Meantime, data science/analytics is the fastest-growing field in the United States, and according to LinkedIn, the profession has grown 6.5 times since 2012. As data science is based in statistics and computer science, proficiency in mathematics is, again, a prerequisite.
Maths is problem-solving. It is logic. It is analysis. It underpins analytical thinking. You simply cannot do these things without mathematics.
Globally, mathematics education is benefiting from high levels of investment to meet future needs. In 2015, Japan took steps to close social science and humanities faculties at 26 of its 86 national universities in favour of subjects that would better prepare its workforce for the future. Professor Grasselli notes that, at McMaster University in Canada, Mathematics is the largest department in the Science Faculty, and student numbers have increased by a multiple of five over the last six years. “Prospective students are aware of the need to have the mathematical skill to be able to work in any industry, and they are designing their education around that.”

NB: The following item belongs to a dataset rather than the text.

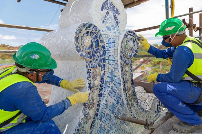 O trabalho de manutenção preventiva da azulejaria é feito manualmente e acontece em diferentes etapas. Primeiro são realizados testes de aderência para garantir a fixação das peças na parede; na sequência, o conjunto de azulejos passa por testes físicos e químicos, dessalinização e tratamento contra fungos; depois, a s peças são higienizadas e a pintura, recuperada. Quando necessário, algumas peças são restauradas. Ao final, uma camada de verniz é aplicada para proteção do revestimento. A previsão é que os serviços sejam concluídos no próximo mês de junho.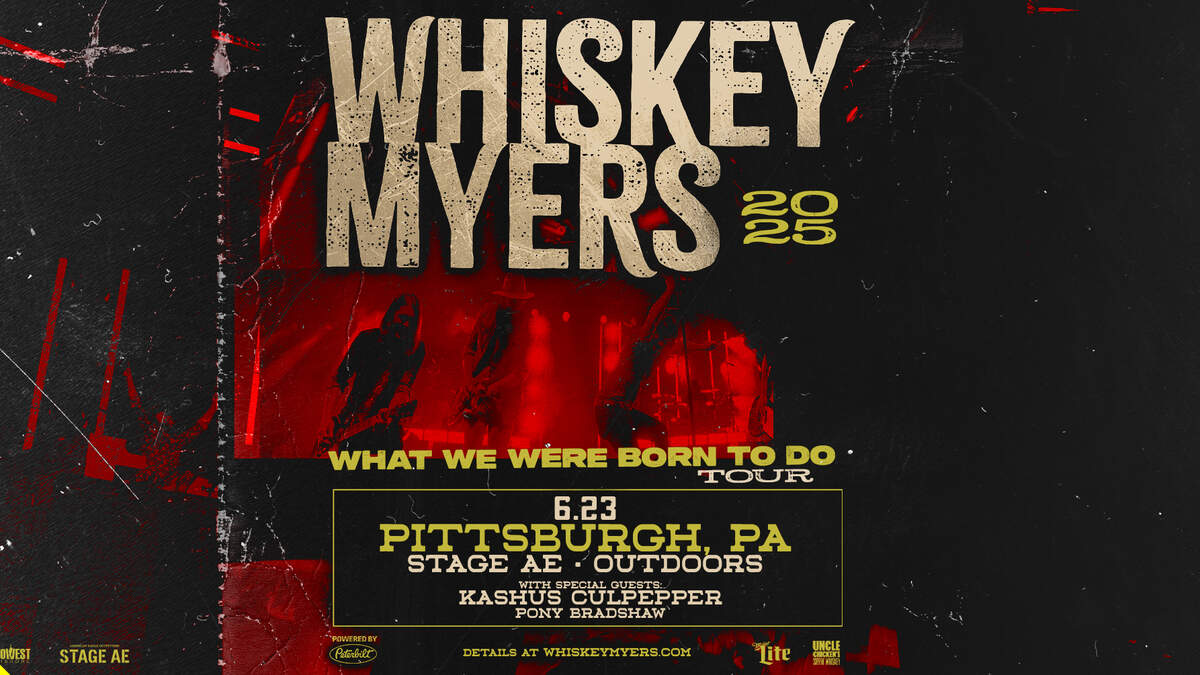 Whiskey Myers - What We Were Born To Do Tour 2025 Whiskey Myers, Kashus Culpepper, Pony Bradshaw Stage AE Pittsburgh, PA June 23 Monday 5:00PM Doors Open Outdoors – Rain or Shine On Sale Friday 2/28 All Ages BUY TICKETS NOW

In South Africa, the picture is less positive. It is deeply problematic that South Africa is not producing sufficient school leavers who are competent in mathematics. The World Economic Forum’s 2016 Global Competitiveness Report ranked South Africa last out of 140 countries for mathematics and science.
This needs to be remedied. Urgently. Proficiency in mathematics is crucial for South Africa’s economic growth and development – as an emerging economy, we cannot afford not to invest in mathematics education. We need skilled people who can inform policy and shape industry. On an individual level, maths proficiency will become increasingly indispensable for job security.
Quite simply, the future world of work will be divided into jobs that are fulfilling, worth doing, and lucrative – and those that are not. Mathematics may prove to be the dividing line.